◆ **DATA SECTION**
----
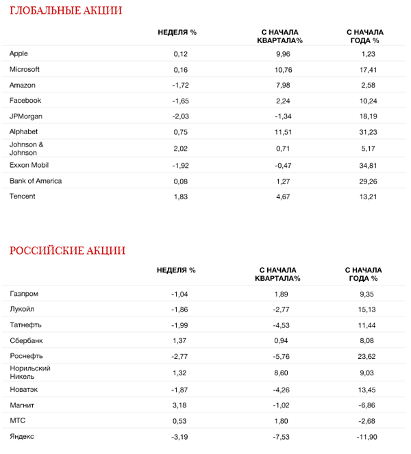 Источник – Вloomberg; Данные рассчитаны с закрытия торгового дня пятницы до закрытия торгового дня предыдущей пятницы
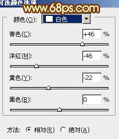 11、调出人物选区,创建可选颜色调整图层,对红、黄、白进行调整,参数设置如图21 - 23,效果如图24。
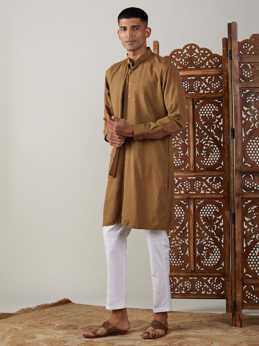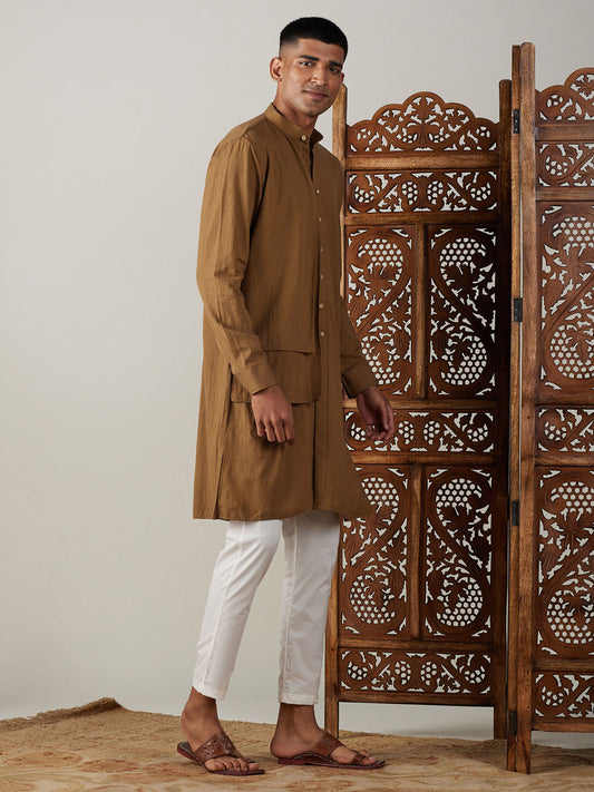 Men's Coffee Cotton Straight Kurta Pyjama Set
----
◆ **TASK**
Exclude the pictures from the copy. Retype exactly the lines running from the one containing "11、调出人物选区,创建可选颜色调整图层,对红、黄、白进行调整,参数设置如图21 - 23,效果如图24。" through the last line of the listing.

◆ **RESULT**
 11、调出人物选区,创建可选颜色调整图层,对红、黄、白进行调整,参数设置如图21 - 23,效果如图24。
 Men's Coffee Cotton Straight Kurta Pyjama Set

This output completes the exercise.